:: Exercise goal ::
Pictures are not part of the copy; reproduce the remaining data exactly.

:: Data records ::
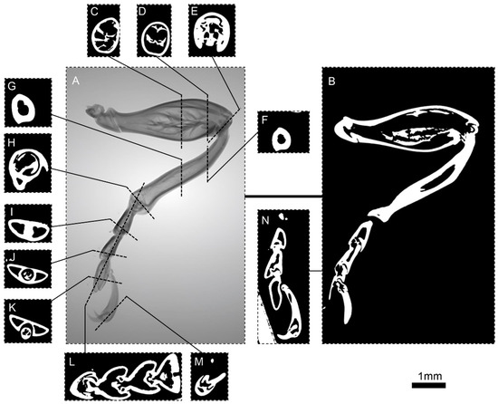 Micro-CT images of the midleg of S. femorata. (A) Three-dimensional reconstruction of the midleg surface. (B) Cross-sectional view of the midleg. (C,D) Cross-sectional view of the midleg femur. (E) Cross-sectional view at the joint between the femur and tibia. (F,G) Cross-sectional view of the midleg tibia. (H) Cross-sectional view at the joint between the femur and tibia. (I–K) Cross-sectional view of the first, second, and third mid tarsomeres. (L) Sectional view of the mid tarsus. (M) Cross-sectional view of the fore tarsus. (N) Sectional view of the terminal actuator of the midleg.
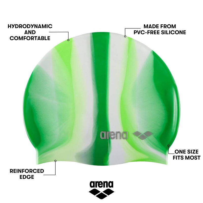Arena Pop Art Unisex Elastic Silicone Swim Cap for Adults, Training Water Sports Fitness Swimming Gear, Chlorine Protection Pool Hat, Pop Lime/Green
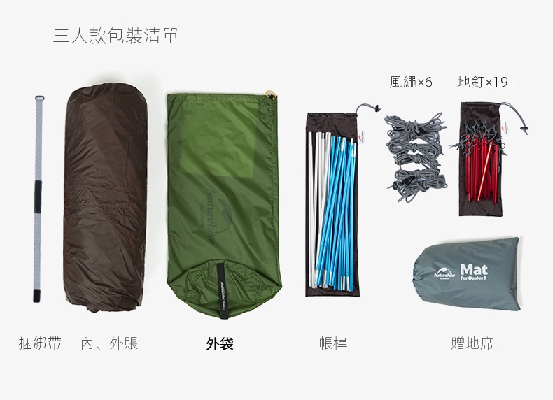 • 外帳:20D 尼龍矽膠防水 4000mm
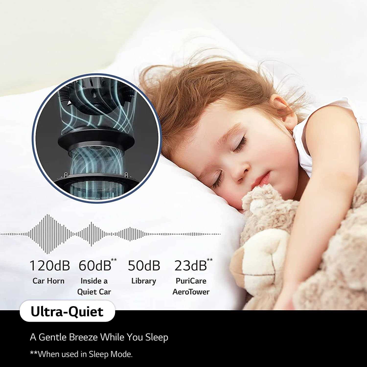 • QUIET AS A WHISPER – The LG PuriCare AeroTower operates at whisper-quiet sound levels as low as 23db.
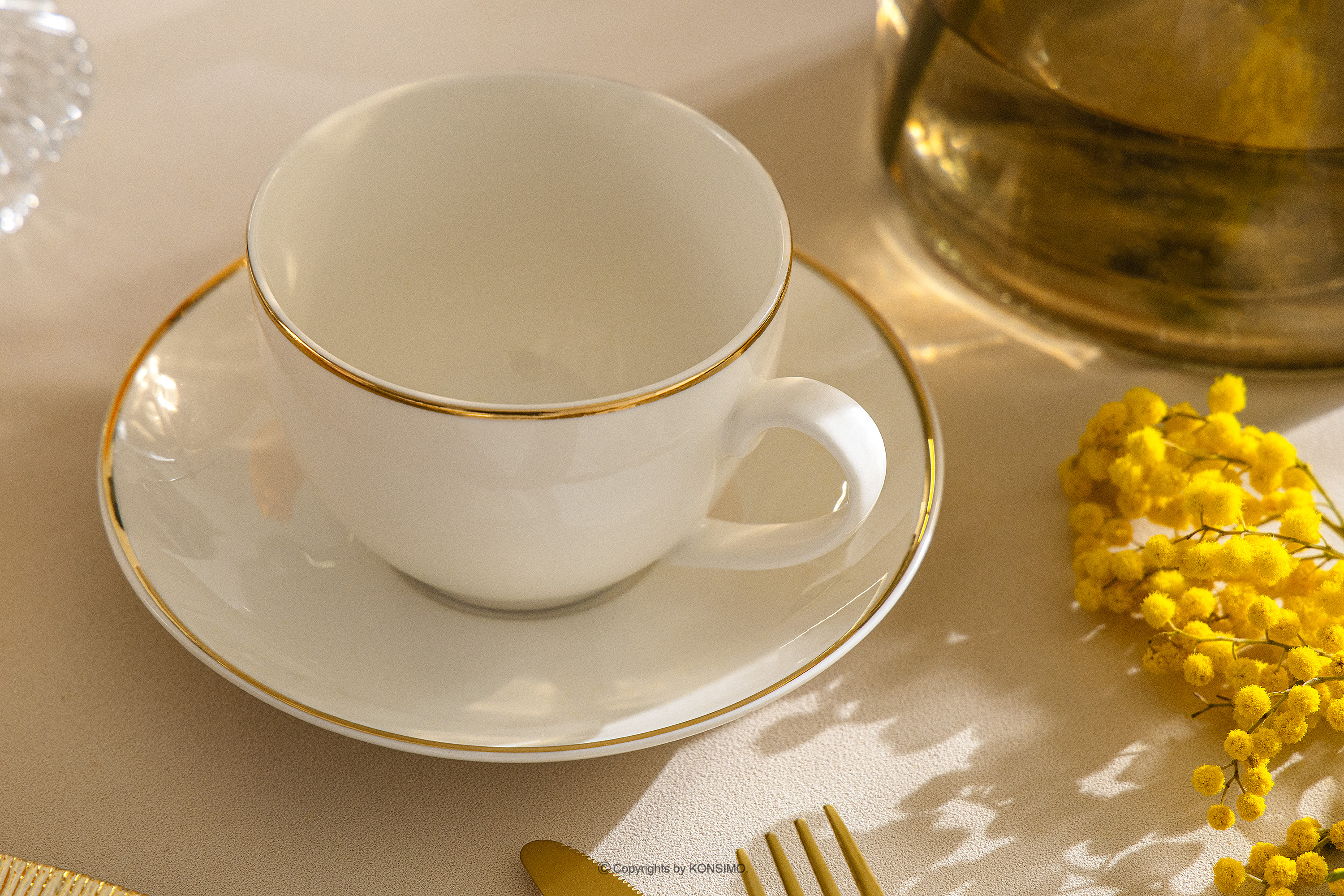 AD BELLA Objav celú kolekciu Šálka na kávu s podšálkem tvrdý porcelán ecru/zlatá 6 ks.- farba ecru/zlatá

:: Response area ::
 Micro-CT images of the midleg of S. femorata. (A) Three-dimensional reconstruction of the midleg surface. (B) Cross-sectional view of the midleg. (C,D) Cross-sectional view of the midleg femur. (E) Cross-sectional view at the joint between the femur and tibia. (F,G) Cross-sectional view of the midleg tibia. (H) Cross-sectional view at the joint between the femur and tibia. (I–K) Cross-sectional view of the first, second, and third mid tarsomeres. (L) Sectional view of the mid tarsus. (M) Cross-sectional view of the fore tarsus. (N) Sectional view of the terminal actuator of the midleg.
Arena Pop Art Unisex Elastic Silicone Swim Cap for Adults, Training Water Sports Fitness Swimming Gear, Chlorine Protection Pool Hat, Pop Lime/Green
 • 外帳:20D 尼龍矽膠防水 4000mm
 • QUIET AS A WHISPER – The LG PuriCare AeroTower operates at whisper-quiet sound levels as low as 23db.
 AD BELLA Objav celú kolekciu Šálka na kávu s podšálkem tvrdý porcelán ecru/zlatá 6 ks.- farba ecru/zlatá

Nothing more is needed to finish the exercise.